GIVEN DATA:
....................
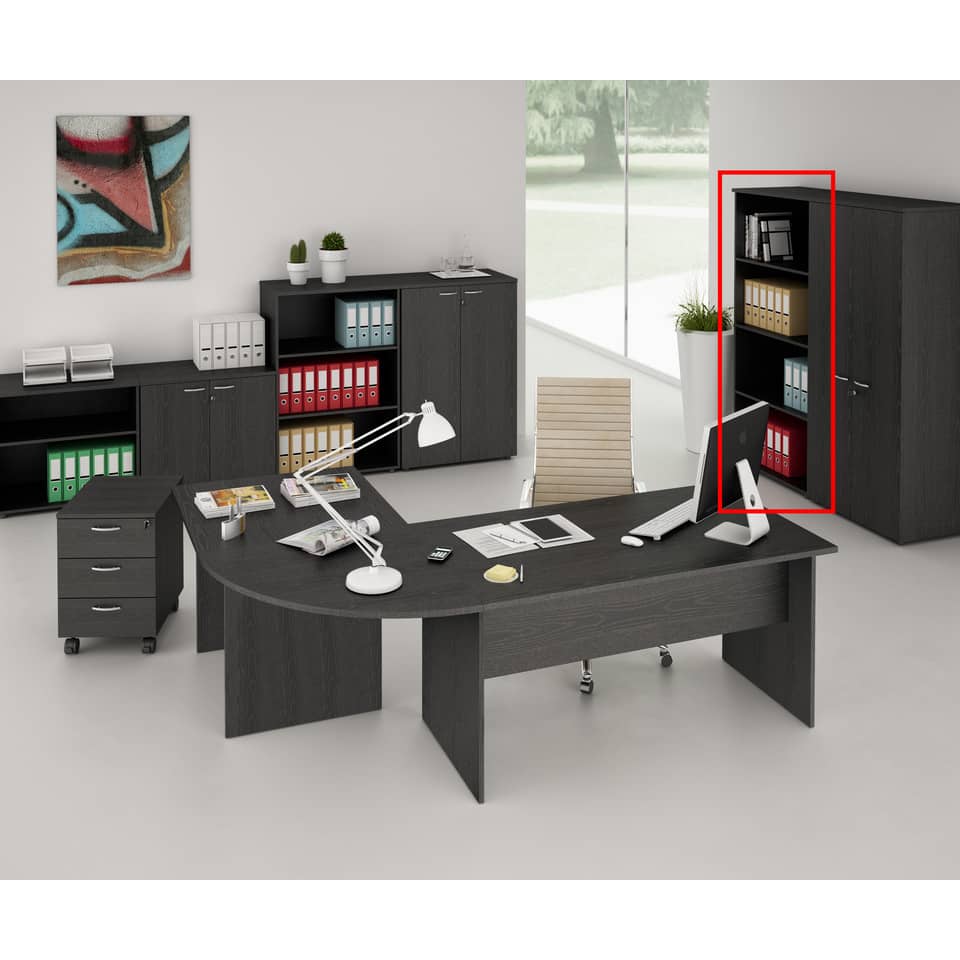 Mobile alto a giorno cm 80 x 35 x 180 h, 3 ripiani regolabili, nero venato frassino.Disponibili in tre altezze a due profondità, a giorno o completabili con ante complete di serratura. Top sp. 22 mm, struttura sp. 18 mm, ripianiriposizionabili sp. 18 mm, ante sp. 18 mm. Rifiniti posteriormente nello stesso colore della struttura possono essere utilizzati come pareti divisorie. Piedini regolabili in altezza per un perfetto livellamento sul pavimento. Ripiani dei mobili regolabili in altezza con sistema di bloccaggio nella posizione desiderata.
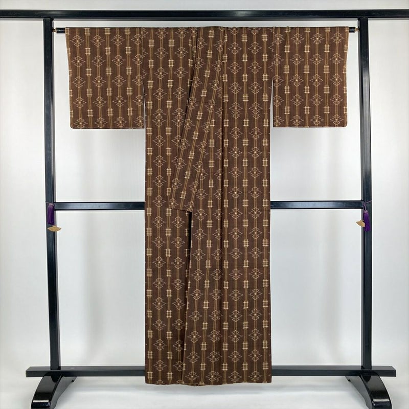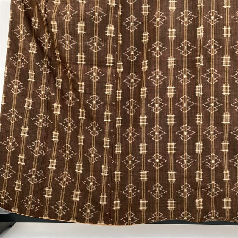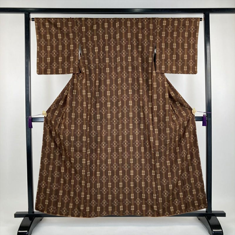 (中古)本場琉球絣 紬 茶色 カジュアル 手織り 鳥 袷【身丈】155.5cm【裄丈】64.5cm
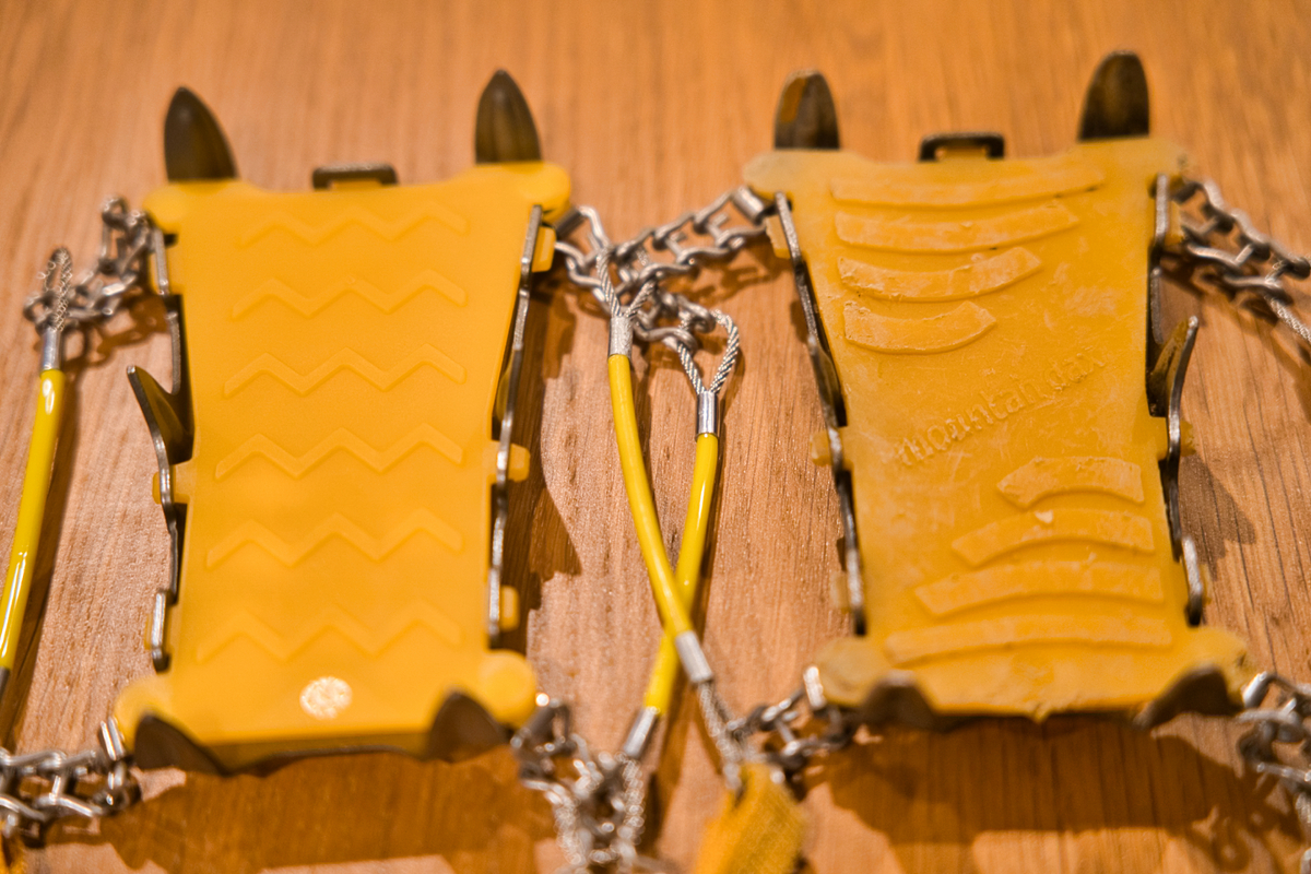 使用上に影響があるかもと思うところが1箇所ありまして、上の写真の左が新型で右が旧型になります。違いが分かりますか?登山靴に固定する時に重要なチェーンが3つから4つに変更になっていました。ここに関しては、買う前に教えて欲しかった部分です。実際に使ってみたのですが、やはり登山靴に固定するポジションが微妙に変わるので気になる人は、気になってしまうのではないかと思います。ちなみに、私は最初は気になっていたのですが歩いている内に忘れていました…まったく鈍感な人間です。もし交換修理を検討中の方は気をつけてください。足に関わるところは登山の場合は、一番稼働する需要な箇所なので参考になれば!
....................
YOUR GOAL: Exactly repeat only the lines from the one with "(中古)本場琉球絣 紬 茶色" to the closing line above, both included, and omit every picture.

RESULT BELOW:
 (中古)本場琉球絣 紬 茶色 カジュアル 手織り 鳥 袷【身丈】155.5cm【裄丈】64.5cm
 使用上に影響があるかもと思うところが1箇所ありまして、上の写真の左が新型で右が旧型になります。違いが分かりますか?登山靴に固定する時に重要なチェーンが3つから4つに変更になっていました。ここに関しては、買う前に教えて欲しかった部分です。実際に使ってみたのですが、やはり登山靴に固定するポジションが微妙に変わるので気になる人は、気になってしまうのではないかと思います。ちなみに、私は最初は気になっていたのですが歩いている内に忘れていました…まったく鈍感な人間です。もし交換修理を検討中の方は気をつけてください。足に関わるところは登山の場合は、一番稼働する需要な箇所なので参考になれば!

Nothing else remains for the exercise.